EXERCISE DIRECTIONS:
What is needed is an exact repeat of the lines from the one holding "Journal of Human–Computer" through the final line of the data, with no pictures.

RECORDED DATA:

-.-.-

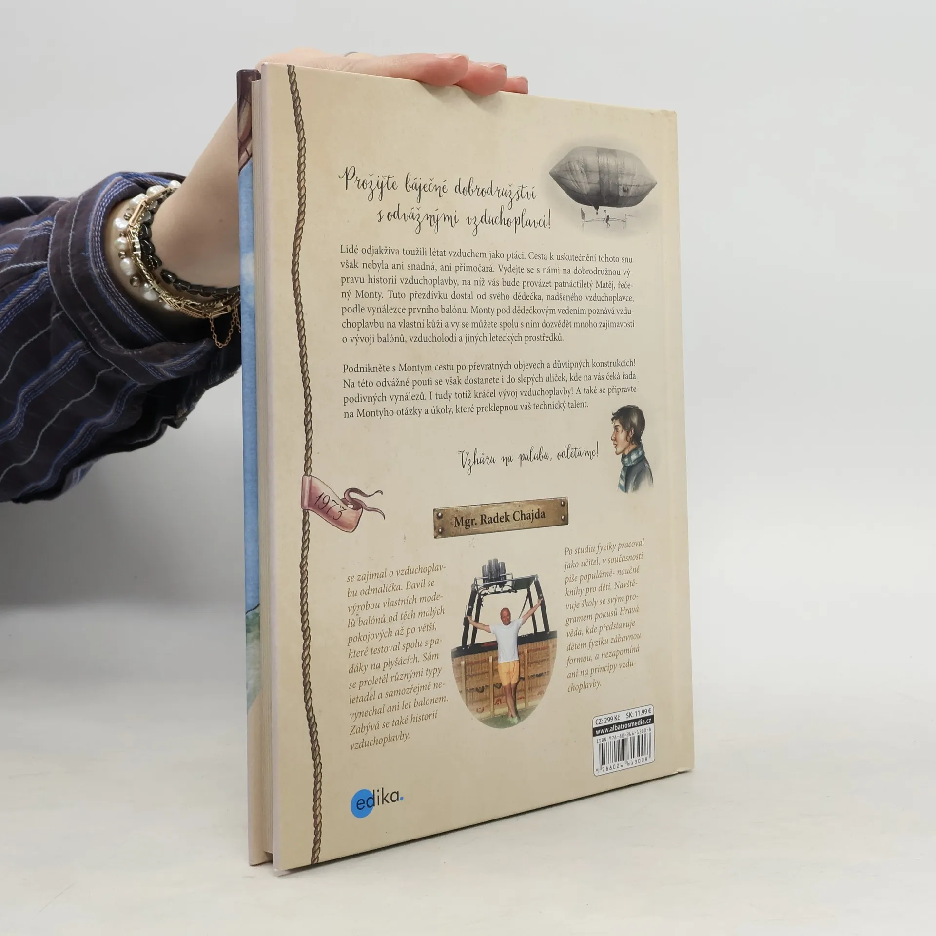 Prožijte báječné dobrodružství s odvážnými vzduchoplavci! Lidé odjakživa toužili létat vzduchem jako ptáci. Cesta k uskutečnění tohoto snu však nebyla ani snadná, ani přímočará. Vydejte se s námi na dobrodružnou výpravu historií vzduchoplavby, na níž vás bude provázet patnáctiletý Matěj, řečený Monty. Tuto přezdívku dostal od svého dědečka, nadšeného vzduchoplavce, podle vynálezce prvního balónu. Monty pod dědečkovým vedením poznává vzduchoplavbu na vlastní kůži a vy se můžete spolu s ním dozvědět mnoho zajímavostí o vývoji balónů, vzducholodí a jiných leteckých prostředků. Podnikněte s Montym cestu po převratných objevech a důvtipných konstrukcích! Na této odvážné pouti se však dostanete i do slepých uliček, kde na vás čeká řada podivných vynálezů. I tudy totiž kráčel vývoj vzduchoplavby! A také se připravte na Montyho otázky a úkoly, které proklepnou váš technický talent. Vzhůru na palubu, odlétáme!
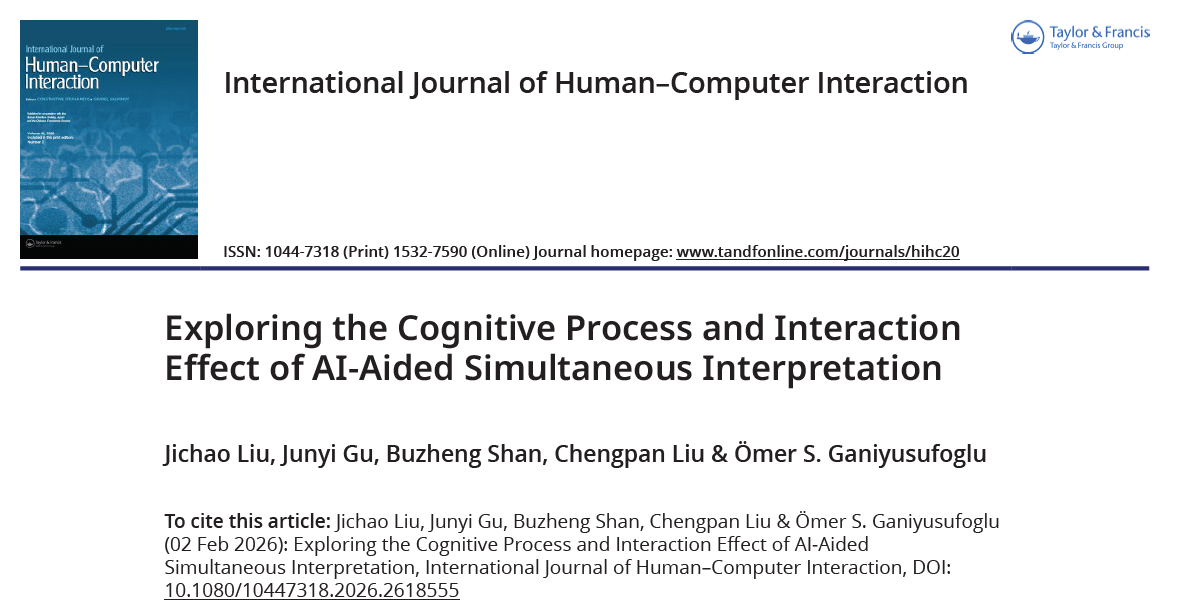 刘济超课题组在智能语言交互领域取得重要进展,研究论文发表于SSCI和SCIE双检索Q1区期刊International Journal of Human–Computer Interaction。这是继该课题组在CSSCI翻译学权威期刊《中国翻译》、语言学权威期刊《外语教学与研究》发表成果之后,在跨学科智能语言交互领域取得的又一重要成果。耽美小说
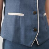 Tailored vest with a V-neckline, finished with contrast suede lining for a refined look. A polished, classy choice for any occasion.

-.-.-

RESPONSE AREA:
 刘济超课题组在智能语言交互领域取得重要进展,研究论文发表于SSCI和SCIE双检索Q1区期刊International Journal of Human–Computer Interaction。这是继该课题组在CSSCI翻译学权威期刊《中国翻译》、语言学权威期刊《外语教学与研究》发表成果之后,在跨学科智能语言交互领域取得的又一重要成果。耽美小说
 Tailored vest with a V-neckline, finished with contrast suede lining for a refined look. A polished, classy choice for any occasion.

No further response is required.